On Dec. 18, Aragon was scheduled to fight Dick Goldstein in San Antonio, but the fight never took place, Aragon having developed a slight fever on the night of the bout. Goldstein then accused the Golden Boy of offering him $500 to take a dive in the fourth round (SI, Jan. 7). Lie detector tests and concomitant evidence resulted in Aragon's being banned in all NBA-regulated states and in the withholding of his 1957 California license. Last month a California grand jury indicted him on a charge of trying to fix the San Antonio fight, and last week a jury convicted him.
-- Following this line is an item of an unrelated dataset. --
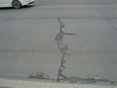 3、此種修補方法限于混凝土面板基礎較穩(wěn)固時使用。如果面板已出現(xiàn)比較嚴重的錯臺、脫空,建議先打孔壓漿后再行條帶修補。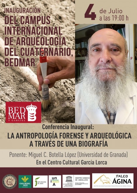 Acto inaugural y conferencia del IV Campus Internacional de Arqueología del Cuaternario, Bedmar 2022, que va a celebrarse hasta el 24 de Julio. La conferencia con el título “La antropología forense y arqueológica a través de una biografía” será realizada por el Dr. Miguel C. Botella López, profesor emérito en el departamento de Medicina Legal, Toxicológica y Antropología Física de la Facultad de Medicina de la Universidad de Granada, a las 19:00 horas en el Centro Cultural “García Lorca”.

Sentence is to be handed down March 21 and the rueful Golden Boy could receive up to five years in prison, a $5,000 fine, or both. It appears in any event—as a California official put it—that Aragon's boxing future is "very doubtful."
The prosecution offered a comment on the verdict. "Very definitely," said Deputy District Attorney William J. Ritzi, "the jury opinion indicates the thought that boxing is very dirty and should be cleaned up."
Illinois boxing commissioners have long taken the stand that nothing is wrong with boxing in Illinois. "If we had a local problem here," Commissioner Lou Radzienda has asked, "do you think we'd sit on our butts?"
The definitive answer came last week from Governor William ( Billy the Kid) Stratton, whose appointments to the commission have always been notable. Notably, for instance, Radzienda, who is a friend of bookies. Notably, also, Frank Gilmer, who refereed the first Basilio-Saxton fight. Stratton's third: William Henry Feigenbutz, who came to aldermanic prominence in the reign of Mayor William Hale Thompson of Chicago and whose first connection with boxing was, appropriately, in the days when it was illegal and he was a trainer. Governor Stratton flipped a dollop of whipped cream on this strawberry by reappointing Radzienda.
Feigenbutz, it must be admitted, sounds like a commissioner, a man who is fiercely for the right and has no idea what's wrong.
"I'm for good clean fights," says Feigenbutz. "I'll do anything to straighten out the mess—if there is a mess."
And then, thinking back on his career, he recalls the time when he was Big Bill Thompson's alderman for the 45th Ward.